But seriously, very nice post. Sometimes I wonder if all we do as we move through this world is pick up obsessions, get taken over by them, then drop them as we figure out their emptiness, only to move on to othesr that we falsely believe will fulfill us. Or perhaps the objects of our obsessions (books, music, etc.) inhabit us and move from creature to creature like viruses. Thus, maybe “Frankenstein” inhabited, used and then discarded your Irish correspondent as it eternally seeks its ideal reader. It may sound gloomier than I mean it to be. Through our mutual obsessions we are afforded connections to other obsessives, along with the past and the future.

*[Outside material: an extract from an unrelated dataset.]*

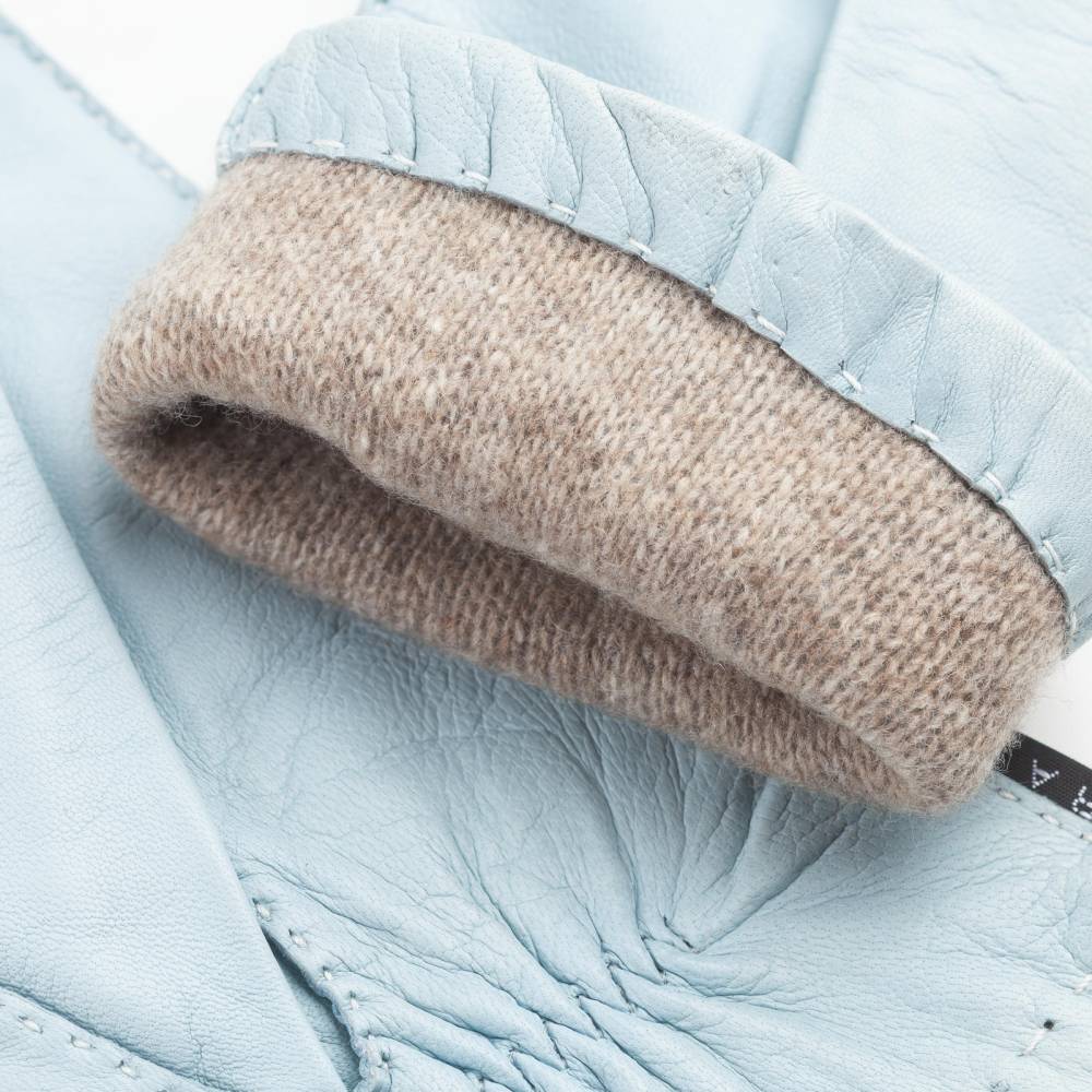 Элегантные женские перчатки от бренда Gaucho станут изысканным акцентом в вашем гардеробе. Модель выполнена из высококачественной кожи ягненка голубого оттенка, которая отличается исключительной мягкостью, эластичностью и деликатным природным блеском. Особую ценность изделию придают наружные швы, прошитые вручную контрастной нитью. Эта трудоемкая ручная работа не только подчеркивает статус аксессуара, но и обеспечивает комфортную посадку, не ограничивающую движения пальцев. Внутри предусмотрена мягкая и теплая подкладка из натуральной шерсти, которая приятно прилегает к коже и обеспечивает оптимальный микроклимат в прохладные осенние и зимние дни.

post-the-poem! post-the-poem!
Great post, Bryan! I wonder if my teenage poetry notebook still exists. Horrors.
Did anyone else notice the facial similarities between Morrisey and Frankenstein? My god, look at that brow!
My mother used to snoop around my bedside table and occasionally came across my teenage poetry. She was understandably alarmed at “Anger and Rage in the Year 2000,” written not long before my parents’ divorce in 1981. She showed it to friends, consulting them on my psychological state. (2000 of course seemed far in the future, but in the end slipped by so fast and apathetically.)
One night, I pretended to be asleep to avoid any interaction when she came in and picked up my latest notes. She read that I felt so lonely, so lonely, so lonely, and called in my Dad to discuss the situation in worried tones. I had in fact been transcribing the words to The Police’s classic “So Lonely,” but it was too late to admit I’d been faking sleep to intervene.
All of this is to say: PUBLISH THE POEM, PLEASE. I’m not reading enough teen poetry these days.
I was reading the 5th Harry Potter book when I discovered the secret to my universe–I was eternally stuck as a 15 year old boy! It was the answer to so many psychic riddles in my personallity. Age and gender be damned–it was all there, the whining, the angst, the misguided bravery. That is what I love most about literature–safe and lucid reflections of what we most fear and hide away.
Amazing post as usual. And truly–your fan base implores you: show us the poem.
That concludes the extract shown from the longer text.